This happened a year ago. I find it hard to believe that a man would join the Coastguard or any rescue service especially a volunteer for personal gain and publicity. I think for that dog walker to even suggest this is quite scandalous.

Yes, more dangerous rescues would be carried out, and without the media circus. But this has come to the attention of the media because of crazy rules that he was supposed to follow when his number one priority was to save the girl, not his own safety.

The fact that he was awarded locally for bravery proves he didn't do it for publicity.

From the information I have, he did nothing wrong. Yes, ignored the regulations but his decision seems to have been based on the situation in hand which any decent person would do in similar cir***stances.

Lots of people walk there dogs on our cliffs, but they are not all experts on those cliffs or skilled at rescue. 
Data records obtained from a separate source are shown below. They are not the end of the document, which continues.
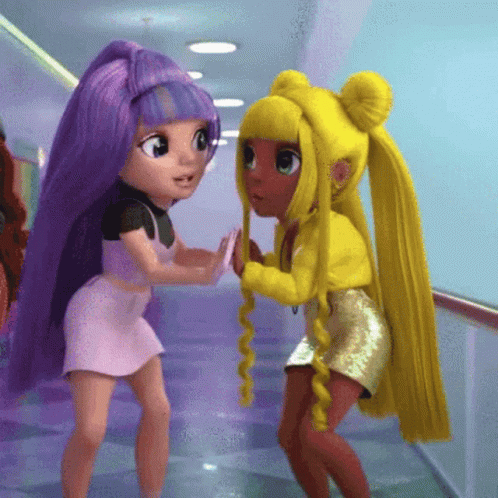 Sunny Madison and Violet Willow from Rainbow High are excited, holding hands and interacting.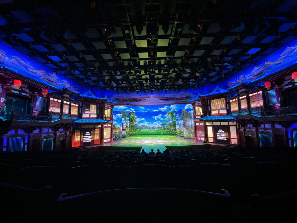 Dream Back to the Tang Dynasty verbindet Poesie, Musical und traditionellen Gesang und Tanz in einer einzigartigen Produktion, die die Besucher möglichst immersiv in Aufführung und Story einbinden soll. Das Theater selbst wurde entworfen um in eine 180° Videowand eingebettet zu werden, die einen großen Teil der sichtbaren Szenerie zeigt während eine 360° Surround Sound Lösung das eindrucksvolle Erlebnis komplettiert.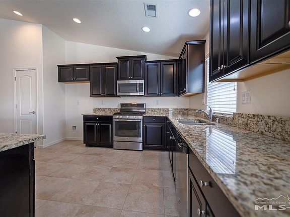 Nestled along the Carson River in a beautiful development this gorgeous single-story upgraded home with 4 bedroom, 3 bathrooms, 3 car garage with RV Access/Parking has lots to offer.The desirable floor plan boasts a great room concept that is highlighted by vaulted ceilings and tile flooring throughout. The kitchen has a large granite island with breakfast bar, full pantry, and ample cabinet space.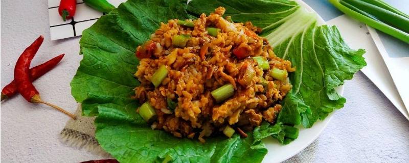 主料有大米、小米、大白菜叶(或干豆腐)、香菜、小葱、大酱、鸡蛋、土豆、香辣酥,取一张白菜叶放上二米饭、土豆泥、鸡蛋酱拌匀,在上面放上用手撕碎的小葱、香菜和炸好的土豆丝和香辣酥,包成四方包袱状,两手拿着吃。
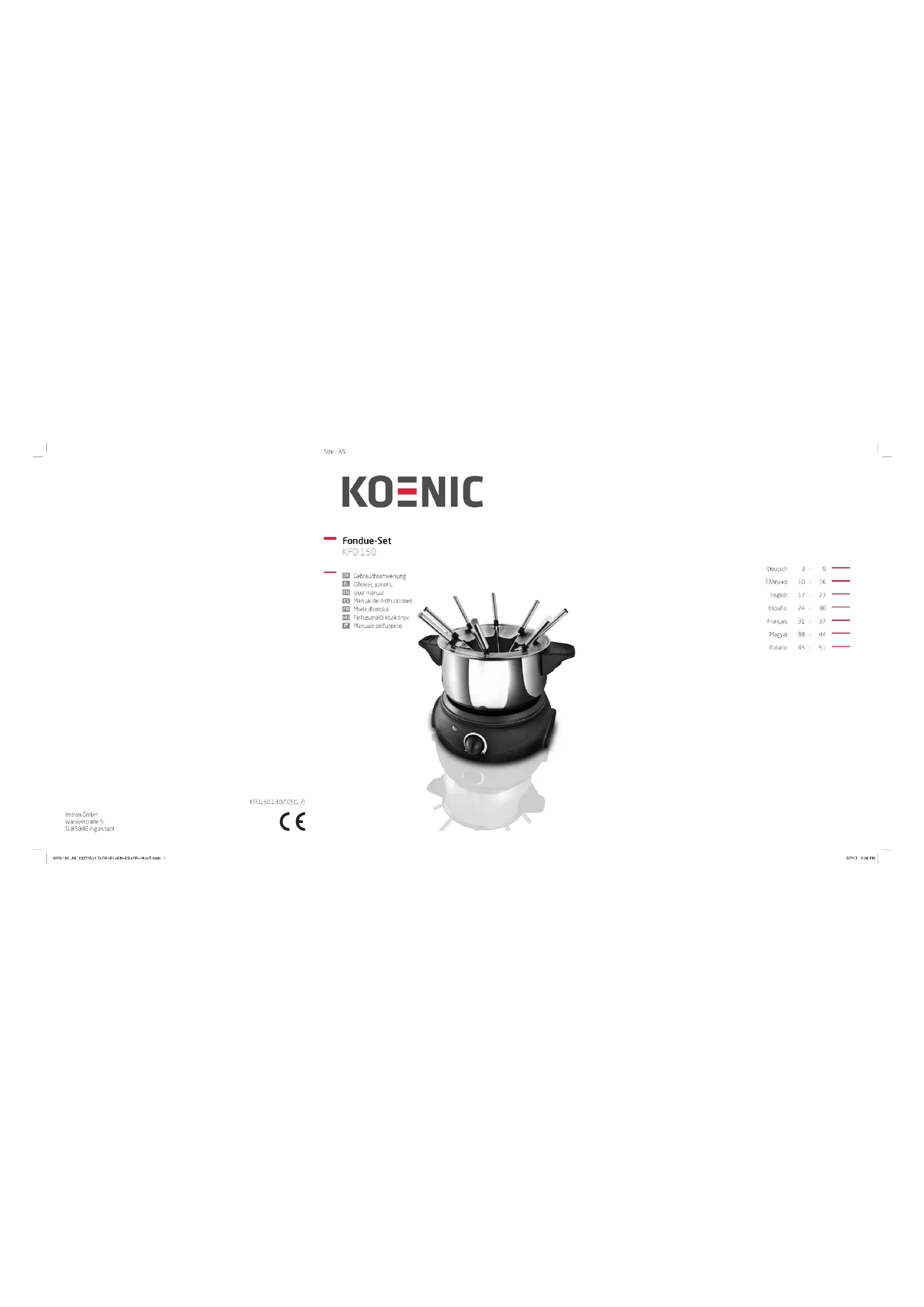KFO 150 - Appareil à fondue, raclette et wok Koenic - Notice d'utilisation et mode d'emploi gratuit

More information will surely come out now, some trying to discredit this man further, but I reckon more will be on his side putting pressure perhaps on the MCA to take him back?. They are the ones at real fault here. They should have had a quiet word with him, reminded him of the rules, but at the same time patting him on the back drawing a line under it rather than letting it fester for a year putting this man under huge strain. 
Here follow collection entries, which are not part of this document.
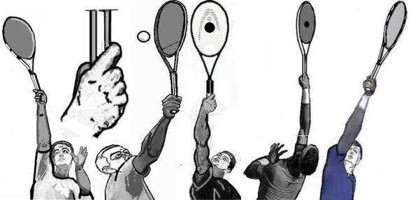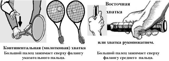 Рис. 4 Хватки ракетки при левом ударе над головой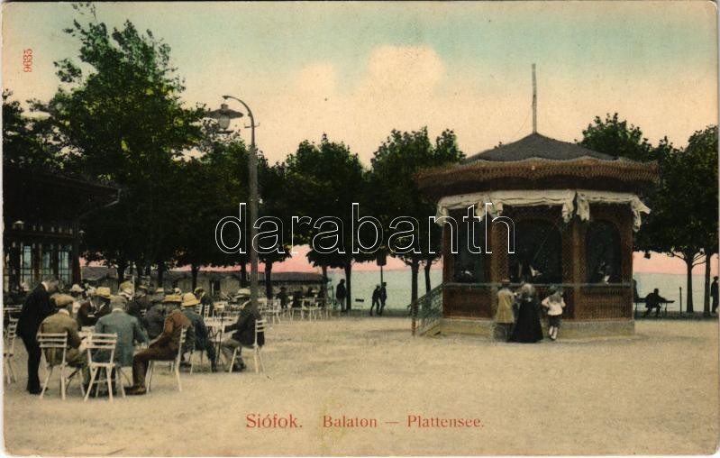 1914 Siófok, Balaton, zenepavilon, vendéglő terasza. Taussig A. https://www.darabanth.com/hu/420-Gyorsarveres/420.0/Kepeslapok/Magyarorszag~1000004/1914-Siofok-Balaton-zenepavilon-vendeglo-terasza-Taussig-A~II2663372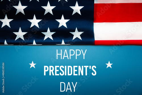National holidays of United States of America. Happy president's day with flag of the USA on blue background. Flat lay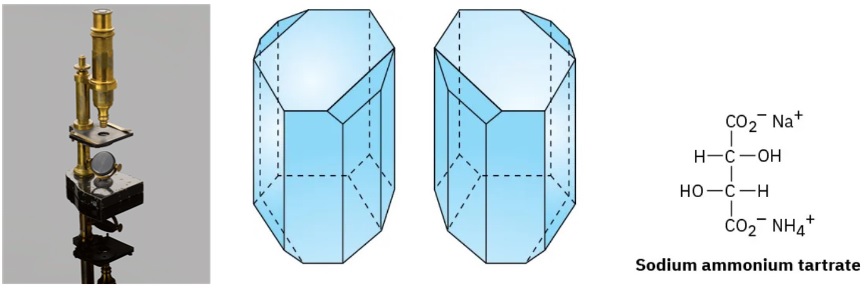 분리한 두 종류의 결정을 각각 물에 녹여 그 용액의 광학 활성을 시험하였는데 각 용액이 편광된 빛을 서로 반대 방향으로 회전시키는 것을 알아 냈습니다. 이것은 두 이성질체가 광학적으로 활성이 있으며, 서로 반대의 광학 활성을 가지고 있음을 증명했습니다. 위 그림에서 두 결정 사이에 마치 거울이 있어 마주하듯 보이는 형상입니다. 빛을 시계방향으로 회전시키면 오른손 분자, D 거울상 이성질체라고 부르고, 반시계방향으로 회전시키면 왼손 분자, L 거울상 이성질체로 정의합니다. 이것은 편광현미경과 편광계를 사용하여 검증하였는데 편광현미경은 물질이 편광된 빛을 어떻게 회전시키는지 관찰하는 장비로서 같이 부착된 편광계로 편광의 회전 각도를 정확하게 측정합니다.

Sounds like his bosses could not organise a crap in a lavatory?!.

David


----------



## ddraigmor (Sep 13, 2006)

David,

You would be surprised how many people join organisations - volunteer ones like the RNLI and HMCG CRT's - for the 'kudos'. 

Fortunately, they either leave or are weeded out!

OD


----------



## benjidog (Oct 27, 2005)

Chouan said:


> In the comment section of the Mail on line was this:
> 
> "I know the area that the 'rescue' took place. I walk it frequently with my dogs, I think it may be possible that the whole thing has been milked for personal gain and publicity. Other coastguards carry out far more dangerous rescues without the publicity circus that Mr W has, he is never out ofthe media in the north east whilst other rescue services involved are ignored. Mr Waugh brought this on himself."
> 
> Perhaps there was more to it than meets the eye?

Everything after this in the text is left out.